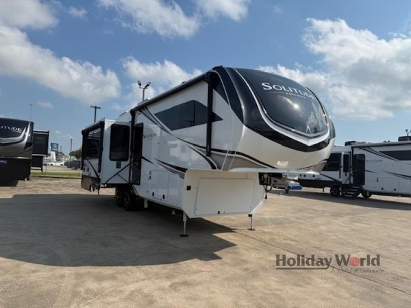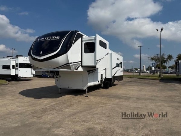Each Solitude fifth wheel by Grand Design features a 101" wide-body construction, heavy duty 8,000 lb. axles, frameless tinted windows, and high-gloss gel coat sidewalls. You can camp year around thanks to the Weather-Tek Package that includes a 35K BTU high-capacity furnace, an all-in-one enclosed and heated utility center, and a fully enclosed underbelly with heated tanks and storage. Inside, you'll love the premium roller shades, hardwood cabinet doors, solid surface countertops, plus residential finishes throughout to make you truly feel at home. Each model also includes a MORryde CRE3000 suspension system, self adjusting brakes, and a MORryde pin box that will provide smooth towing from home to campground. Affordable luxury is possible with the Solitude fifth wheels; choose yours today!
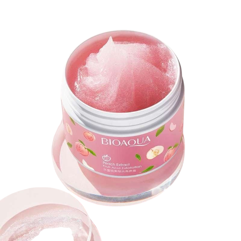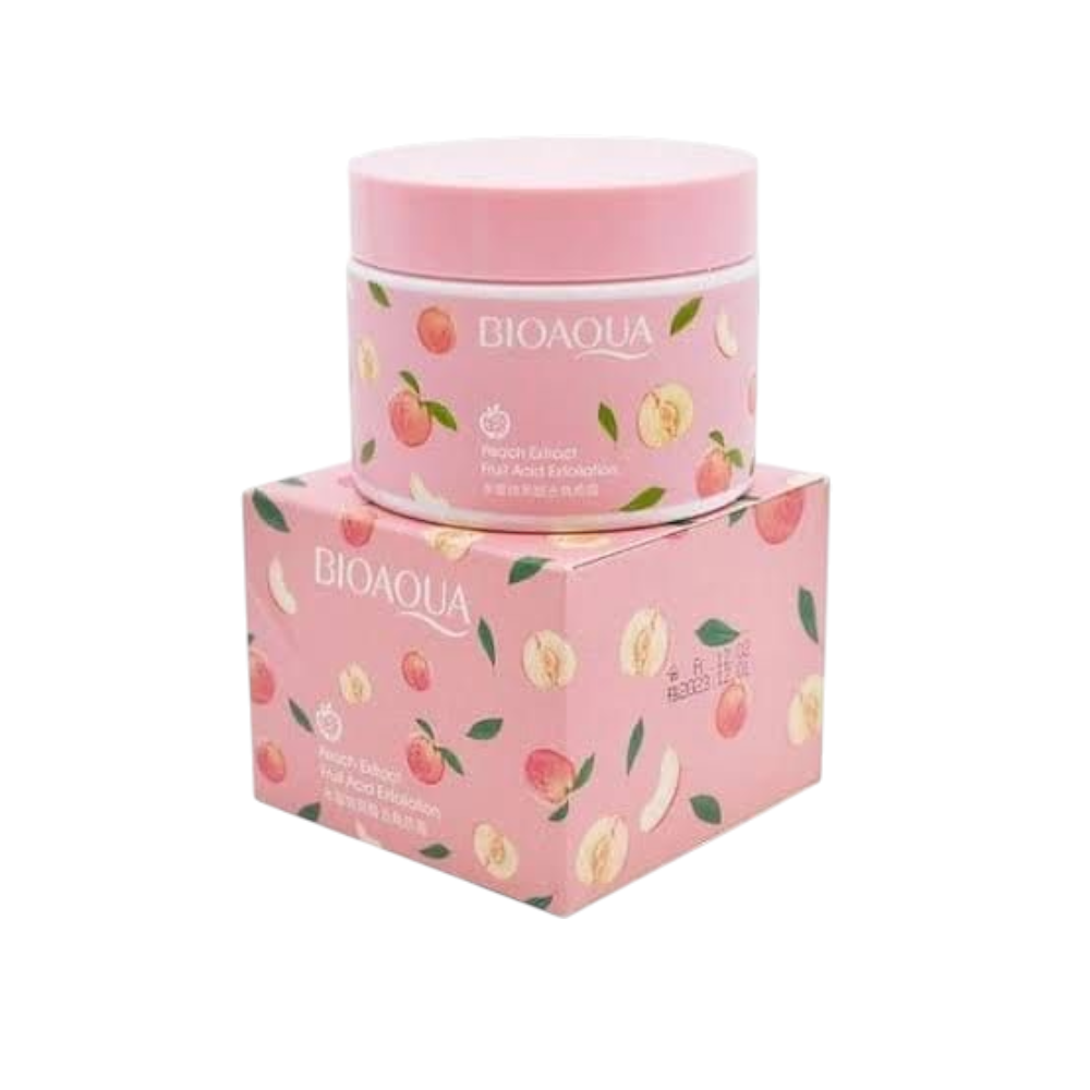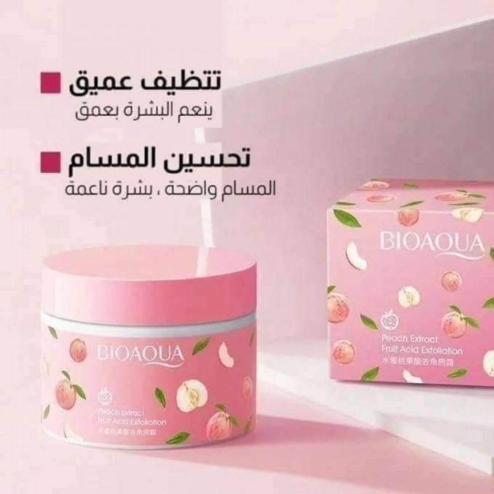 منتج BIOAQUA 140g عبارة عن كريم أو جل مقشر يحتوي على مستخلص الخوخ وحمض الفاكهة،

_ _ _

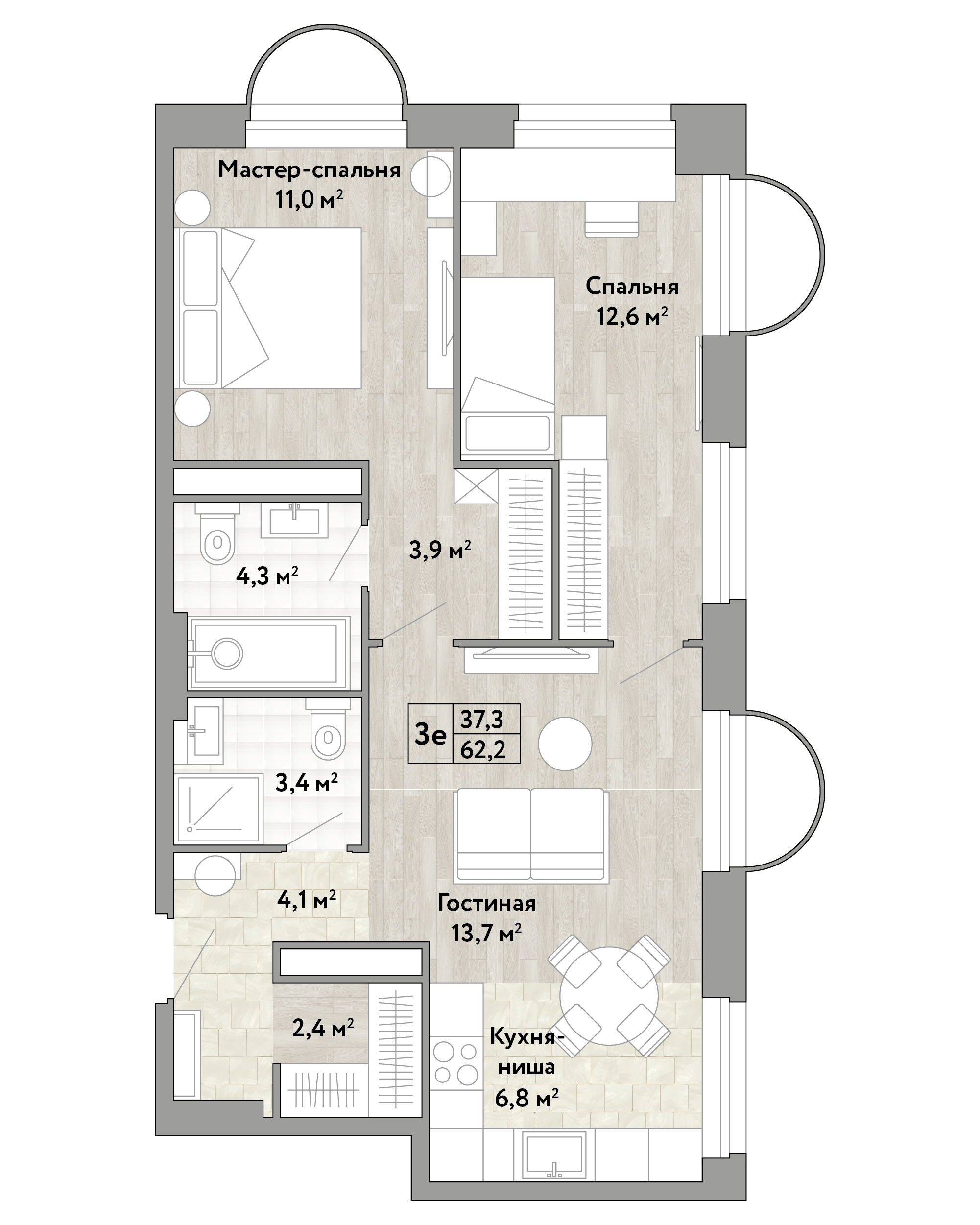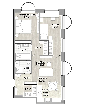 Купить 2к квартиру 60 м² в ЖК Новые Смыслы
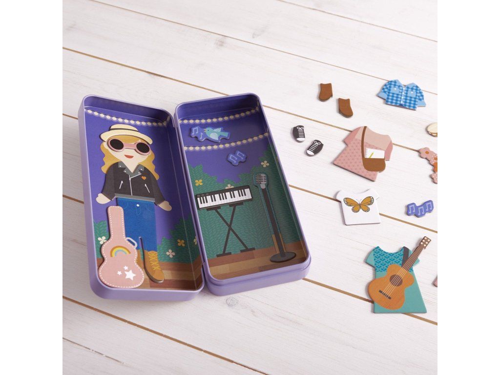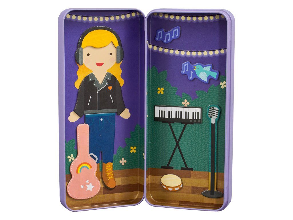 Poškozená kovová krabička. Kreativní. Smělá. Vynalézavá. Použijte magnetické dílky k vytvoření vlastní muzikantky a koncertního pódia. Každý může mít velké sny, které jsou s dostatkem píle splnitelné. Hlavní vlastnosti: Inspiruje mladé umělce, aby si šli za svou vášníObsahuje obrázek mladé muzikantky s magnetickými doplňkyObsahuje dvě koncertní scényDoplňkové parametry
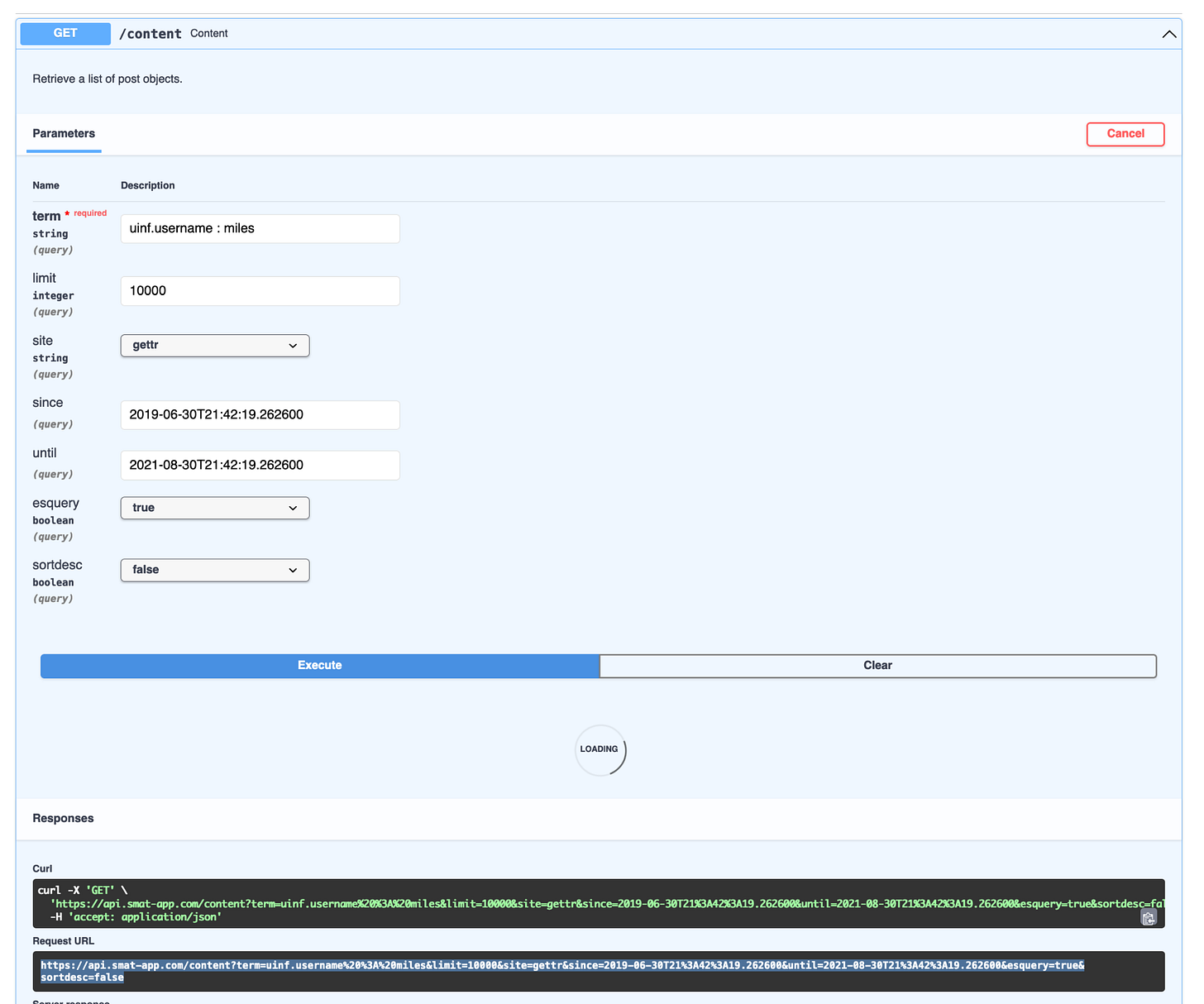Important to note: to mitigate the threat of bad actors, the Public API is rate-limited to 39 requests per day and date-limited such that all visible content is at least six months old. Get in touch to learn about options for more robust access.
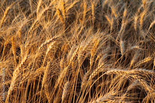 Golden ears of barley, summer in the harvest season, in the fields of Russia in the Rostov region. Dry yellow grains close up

_ _ _

What do the entries above read from the line containing "Poškozená kovová krabička." through the line containing "Golden ears of"? Output those lines exactly, both ends included, with the pictures left out.

 Poškozená kovová krabička. Kreativní. Smělá. Vynalézavá. Použijte magnetické dílky k vytvoření vlastní muzikantky a koncertního pódia. Každý může mít velké sny, které jsou s dostatkem píle splnitelné. Hlavní vlastnosti: Inspiruje mladé umělce, aby si šli za svou vášníObsahuje obrázek mladé muzikantky s magnetickými doplňkyObsahuje dvě koncertní scényDoplňkové parametry
Important to note: to mitigate the threat of bad actors, the Public API is rate-limited to 39 requests per day and date-limited such that all visible content is at least six months old. Get in touch to learn about options for more robust access.
 Golden ears of barley, summer in the harvest season, in the fields of Russia in the Rostov region. Dry yellow grains close up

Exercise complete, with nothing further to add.